CG10730 - Persons chargeable: individuals
TCGA92/S1 & TCGA92/S275
In general, for the tax years up to and including 2012/13, an individual is chargeable to Capital Gains Tax if he or she is resident or ordinarily resident in the United Kingdom during any part of the year of assessment in which a gain accrues. For this purpose, resident’ and
ordinarily resident’ have the same meanings as in the Income Tax Acts. An individual who is resident or ordinarily resident in the UK but who is not of UK domicile (and the remittance basis applies) is liable to Capital Gains Tax on chargeable gains accruing to them on the disposal of assets situated outside the UK only to the extent that those gains are remitted to the UK. There are rules for determining where chargeable assets are situated. Any amounts which are remitted are treated as gains accruing to the non-domiciled individual at the time they are received in the UK. No relief is given for losses accruing on such assets, see CG25330.

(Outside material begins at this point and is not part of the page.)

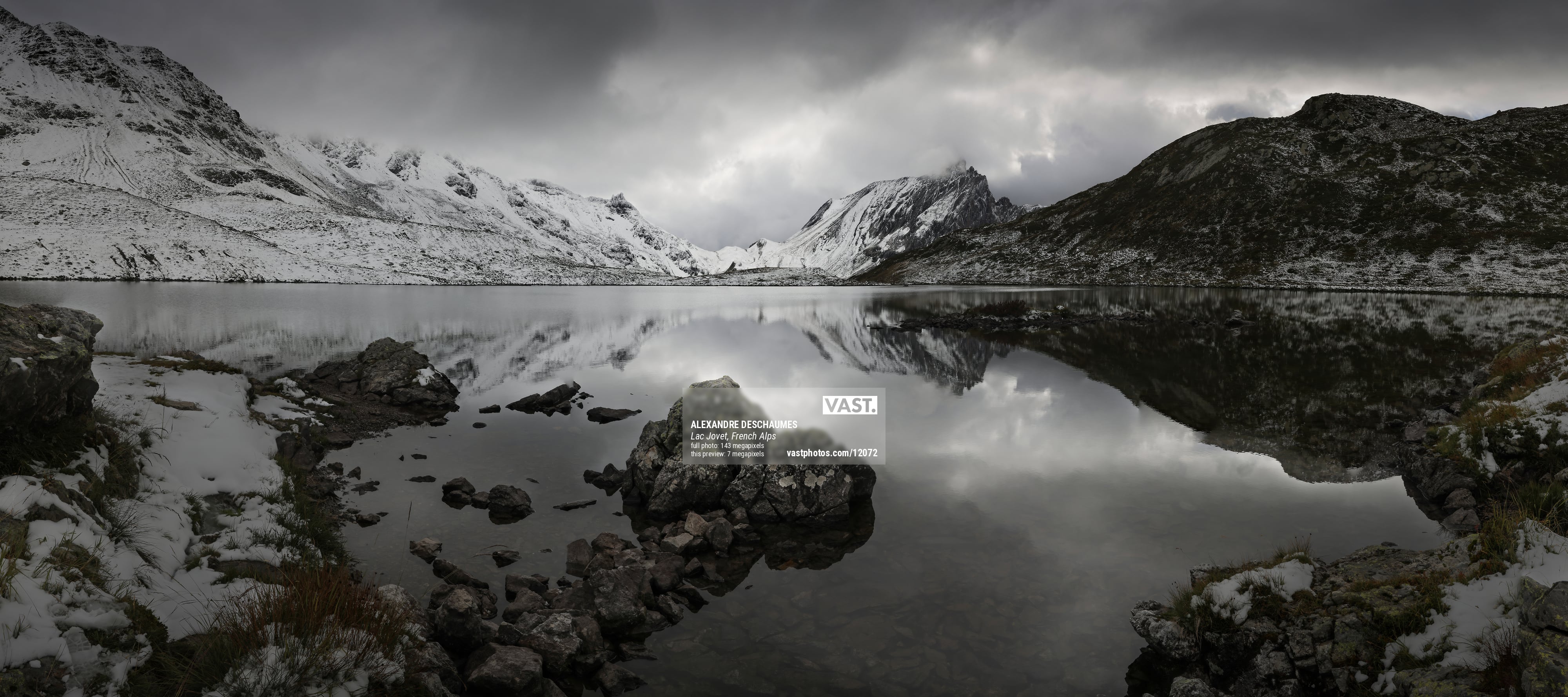 This panoramic photograph captures the shores of Lac Jovet, nestled within the Contamines-Montjoie Nature Reserve, as the first snows of the season begin to settle. The scene is enveloped in a cold, atmospheric stillness, where the muted tones of early winter contrast with the rugged alpine terrain. The lake's surface mirrors the dramatic sky and snow-covered slopes, creating a perfect balance between land and reflection.

For 2013/14 and subsequent tax years a Statutory Residence Test for individuals was introduced and an individual will either be resident or not resident in the UK for a year of assessment. Detailed guidance on the Statutory Residence Test can be found in the RDR3 Guidance Note: Statutory Residence Test (SRT).
For 2017/18 and later years a person may be regarded as deemed domiciled in the UK. If the deemed domicile rules apply the individual cannot claim the remittance basis. Guidance on the remittance basis and deemed domicile rules is in the Residence, Domicile and Remittance Basis Manual.
Also see CG10700 for general information on occassions when a non-resident individual would be chargeable to Capital Gains Tax.
*This provision was re-written for disposals from 6 April 2019 see CG10150.